Sacred Heart College, a well-known academic powerhouse in Johannesburg, now wants to harness its educational prowess in the development of football talent in the neglected inner-city areas of the City of Gold.
As one of the oldest schools in Johannesburg, Sacred Heart plans to establish an elite football academy for both boys and girls in the
divisions of U9, U11, U13, U15 and U17, with prospects to increase the intake to include the U19s as well.
Trials for boys were held on 3 March at the school and those for the girls will be held on 10 March at the same school venue and interested young girls in the inner-city areas of the Johannesburg CBD, Berea, Hillbrow, Yeoville, Bellevue, Observatory, Bertrams, Doornfontein, Lorentzville, Kensington and other areas are urged to take advantage of the offering.
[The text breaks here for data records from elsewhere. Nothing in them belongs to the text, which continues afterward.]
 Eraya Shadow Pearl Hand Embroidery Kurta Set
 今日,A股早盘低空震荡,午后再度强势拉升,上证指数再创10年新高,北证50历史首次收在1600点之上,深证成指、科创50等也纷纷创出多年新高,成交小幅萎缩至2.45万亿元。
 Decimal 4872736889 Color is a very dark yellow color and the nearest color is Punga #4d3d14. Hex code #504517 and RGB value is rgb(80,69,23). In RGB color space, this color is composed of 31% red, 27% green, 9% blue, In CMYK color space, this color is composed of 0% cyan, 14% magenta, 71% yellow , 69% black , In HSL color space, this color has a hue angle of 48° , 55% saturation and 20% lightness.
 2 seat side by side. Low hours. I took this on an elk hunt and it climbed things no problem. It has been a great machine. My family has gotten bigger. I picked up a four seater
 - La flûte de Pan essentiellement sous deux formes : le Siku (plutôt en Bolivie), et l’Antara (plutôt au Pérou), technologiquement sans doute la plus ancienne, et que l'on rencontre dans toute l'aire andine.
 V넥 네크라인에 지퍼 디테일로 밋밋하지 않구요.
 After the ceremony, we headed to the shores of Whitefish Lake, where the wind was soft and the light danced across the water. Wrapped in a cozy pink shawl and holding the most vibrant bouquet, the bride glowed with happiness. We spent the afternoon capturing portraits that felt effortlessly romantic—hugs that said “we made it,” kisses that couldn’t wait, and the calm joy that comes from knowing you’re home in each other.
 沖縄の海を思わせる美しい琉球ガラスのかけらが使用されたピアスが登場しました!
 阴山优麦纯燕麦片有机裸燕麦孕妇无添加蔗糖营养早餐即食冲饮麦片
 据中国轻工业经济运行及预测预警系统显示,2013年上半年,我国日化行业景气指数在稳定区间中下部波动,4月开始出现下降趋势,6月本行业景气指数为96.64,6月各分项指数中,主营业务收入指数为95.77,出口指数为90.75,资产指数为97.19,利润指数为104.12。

Speaking at the trial sessions, Sacred Heart College Primary School’s head of the department for sports, Andre van der Merwe said the academy, known as the Sacred Heart Soccer Academy, is currently involved in negotiations with one of the giants of premiership football with a view to bringing the club on board.
“Bringing on board one of the top flight clubs will add immense value and magnitude to the establishment of the academy and most probably guarantee its future success as well, as the academy will be guaranteed a line of progression for some of its most promising intakes,” Van der Merwe said.
He added that high-level talks were currently underway with the club and he would not want to pre-empt those discussions by naming the club. “Once the deal has been signed, sealed and delivered, we shall then be in a position to announce the name.”
The academy will operate under the auspices of the Rand Central Local Football Association and its leagues, while also, perhaps, participating in the Academy League, which is run by the South African Football Association.
Van der Merwe said part of the reasons behind the roping in of an elite professional club was to attract sponsors for the academy as most of the potential players are from disadvantaged communities who cannot afford the fees charged for intake into such an institution.
“Sacred Heart College is willing to allow the free use of its sporting facilities for the academy, including the use of sporting equipment, our buses to transport the children and our coaches, but we need help to ensure the success of the project.”
He said they were looking at a squad of 20 players per division and some of the most promising players in the various divisions will be offered sporting bursaries at the college to further the educational side of their soccer ambitions and career.
“Our aim is not only to produce highly skilled soccer stars but to develop all-around players, as sports-based programmes have been widely recognised as an effective tool for empowering young people, increasing their knowledge, promoting effective communication, negotiation skills and improving self-efficacy and leadership,” he said.